For those of you that are members of a heavy-'fridge-using family of four as seen in the video, do you think this is a worthwhile design innovation, or a gimmick? For their part, LG claims that the door-in-door design provides an energy savings, in that opening just the sub-door to retrieve a commonly-needed item allows less cold air to escape than throwing the whole thing open; this made the needle on my BS meter quiver uncertainly. I do wonder, however, how many sixes of Miller Lite that front door would hold.
Comments
fuking amazing design. Kenmore one is the most beautiful piece of plastic and metal ever forged by human hands since the dawn of time
I can't believe this! I've been sketching this solution today xDD
It seems a good way to save energy, not the most comfortable but it may save a few euros every month. In my opinion, specially useful when you stay still in front of it with the door widely open while thinking about what to eat or cook.
i think it's not that practical. even though a fridge can preserve the shelf life of a food product, you still have to see and check on a regular basis which items in your fridge are still good or has expired. one might forget they've stored something behind that inner door, or the bigger door. it's already a pain in the butt to clean a whole fridge. an extra door would make the task more inconvenient.
the most energy-saving practice people can exercise is to have a running inventory of the foodstuff they have in their fridge. think of what they have to pull out of the fridge before they open the door.
The promo video was absurd. No one lives like that!
But I do concur with your last question.
I think its a great idea. I'd venture to say, as a response to Jamie, this would be easier to clean. most of the stuff we forget about in the fridge is due to it being hidden in the back. And all the time spent moving things out of the front to pull something from the back is diminished. I come for a large household so my fridge is always jam packed.
Glass door fridges are impracticable but this seems like a reasonable solution to how people interact with there fridge. Think of it as a separate cabinet for drinks and accoutrements.
But if I where you I'd be less worried about the credibility of its energy saving capabilities and more worried on why you would ever have miller lite in your fridge. :)
The design definitely makes sense.

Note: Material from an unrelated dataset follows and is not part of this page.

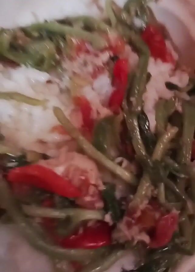 plate of food that appears to be a serving of white rice topped with what looks like sautéed green beans and slices of red pepper. The dish is presented in a white plate with scalloped edges. The video is initially out of focus and then stabilizes. There are subtle movements in the video suggesting it is being held or filmed by hand.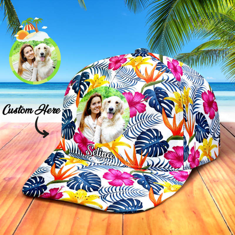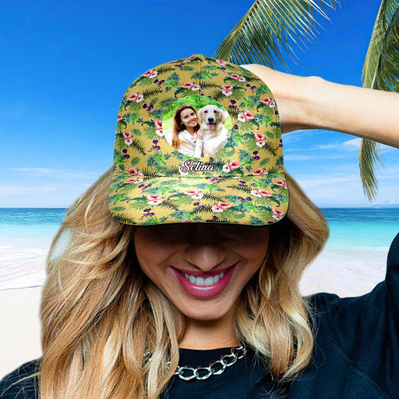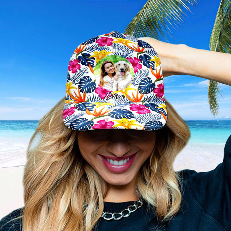 Personalized Photo and Name Hawaiian Style Baseball Cap Gifts for Her

Every time you open the refrigerator, most of the cold air is swept out and it needs to be cooled again once the door is closed. The door-in-door concept would allow most of the cool air to be trapped behind the second door and only allows a fraction of that air to escape. Of course, if you're opening the fridge as often as that family, I don't think it really matters...
As Kyle said, "No one lives like that!"
Iirc this feature has been on fridges for the Korean market for a few years, I'm surprised it took this long to come to the US.
Regardless depending on your habits this may or may not be very useful. It looks to be mainly meant for drinks and condiments, while the 'snack drawers' on other fridges won't fit a gallon of milk they can hold lots of other things that this can't.
This is an interesting idea, but I have to question it's real impact. From an actual cooling standpoint, the air represents only a tiny percentage of the thermal mass inside the fridge. It doesn't take much energy at all to reduce the temperature of the warm air that is cycled into the cooling compartment. Most of the energy is expended on reducing the temperature of the items placed in the fridge. Once the contents are cool, they are happy to stay that way, even if some warm air is cycled in.
Brought to you by the family who doesn't have anywhere to be until 10AM!
Could be handy though. I guess if you're going to get a new fridge...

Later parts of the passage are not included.